On December 4, 2017, the Seattle City Council voted 7–1 to approve a memorandum of understanding between the city of Seattle and the Los Angeles-based Oak View Group, co-founded by Tim Leiweke, for renovations of KeyArena. Renovations for the arena began in 2018 and were completed in 2020. The arena was renamed Climate Pledge Arena after a new naming rights deal was signed with Amazon.com.  The original roof remains in place, as it is considered a landmark. The rest of the building saw a complete renovation with land being dug down and out. While the renovations were intended for acquiring an NHL franchise, acquiring a new SuperSonics basketball team was also within the design of the approval. On December 7, the NHL's board of governors agreed to consider an expansion application from Seattle, with an expansion fee set at US$650 million. The Seattle ownership group was represented by David Bonderman and Jerry Bruckheimer, who conducted a preliminary season ticket drive to gauge interest in Seattle.

On February 13, 2018, the Oak View Group filed an application with the NHL for an expansion team and paid a US$10 million application fee. At the time, the earliest a Seattle NHL expansion team could have begun playing was the 2020–21 season pending the completion of arena renovations.

On March 1, 2018, a ticket drive began to gauge interests in season ticket deposits. Oak View reported that their initial goal of 10,000 deposits was surpassed in 12 minutes, and that they received 25,000 deposits in 75 minutes. On April 11, 2018, Tod Leiweke was named CEO of Seattle's NHL expansion team. On June 18, 2018, Dave Tippett was named as a senior advisor. Another step towards an expansion team was taken on October 2, 2018, when the NHL Executive Committee unanimously agreed to recommend the expansion bid to a vote of the Board of Governors in December.

The NHL Board of Governors voted unanimously to approve Seattle's expansion team on December 4, 2018. The Seattle Kraken played their first season in 2021–22 as a member of the Pacific Division in the Western Conference, consequently shifting the Arizona Coyotes from the Pacific Division to the Central Division to balance out the four divisions at eight teams each.  In May 2019, the team launched an interactive "fan portal" where fans could propose a name and uniform colors for the team, answer poll questions, get information about ticket pricing and seating, and view a timeline of past and future key events involving the club.

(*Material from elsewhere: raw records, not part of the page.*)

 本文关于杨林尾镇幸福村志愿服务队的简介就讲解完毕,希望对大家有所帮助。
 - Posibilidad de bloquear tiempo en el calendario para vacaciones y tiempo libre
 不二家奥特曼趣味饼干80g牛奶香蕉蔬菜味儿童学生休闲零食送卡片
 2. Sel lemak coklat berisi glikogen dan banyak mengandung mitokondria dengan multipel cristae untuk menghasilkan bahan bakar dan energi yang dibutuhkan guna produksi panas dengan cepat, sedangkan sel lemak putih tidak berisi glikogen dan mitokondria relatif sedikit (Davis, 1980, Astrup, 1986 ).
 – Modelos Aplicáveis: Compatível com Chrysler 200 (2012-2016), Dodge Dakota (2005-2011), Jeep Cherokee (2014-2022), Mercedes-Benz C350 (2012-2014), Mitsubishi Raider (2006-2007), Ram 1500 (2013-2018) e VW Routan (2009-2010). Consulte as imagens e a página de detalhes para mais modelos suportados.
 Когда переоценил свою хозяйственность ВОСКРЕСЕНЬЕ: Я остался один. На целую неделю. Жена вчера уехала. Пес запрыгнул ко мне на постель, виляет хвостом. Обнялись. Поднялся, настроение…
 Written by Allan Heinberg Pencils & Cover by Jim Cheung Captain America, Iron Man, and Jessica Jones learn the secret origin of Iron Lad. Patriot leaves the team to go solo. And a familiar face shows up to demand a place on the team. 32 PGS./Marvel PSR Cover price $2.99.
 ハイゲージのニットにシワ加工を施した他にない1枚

On July 23, 2020, the franchise announced their team name, the Seattle Kraken, as well as their team colors, branding, and home jersey. The event was held under the banner of "Release the Kraken", a phrase popularized by the 1981 film Clash of the Titans and the 2010 remake. "Kraken" was a name that was already popular with fans prior to its official adoption. The franchise's promotional materials state that it was adopted to honor the maritime culture of Seattle, as well as in reference to the giant Pacific octopus, the largest species of octopus in the world, which can be found in the waters of the Pacific Northwest.

On April 30, 2021, the franchise paid the final installment of the $650 million expansion fee, officially making the Seattle Kraken the 32nd team of the NHL.

An expansion draft for the Kraken was held on July 21, 2021, in a similar manner to a previous expansion draft held in 2017 for the Vegas Golden Knights, who were exempt from it.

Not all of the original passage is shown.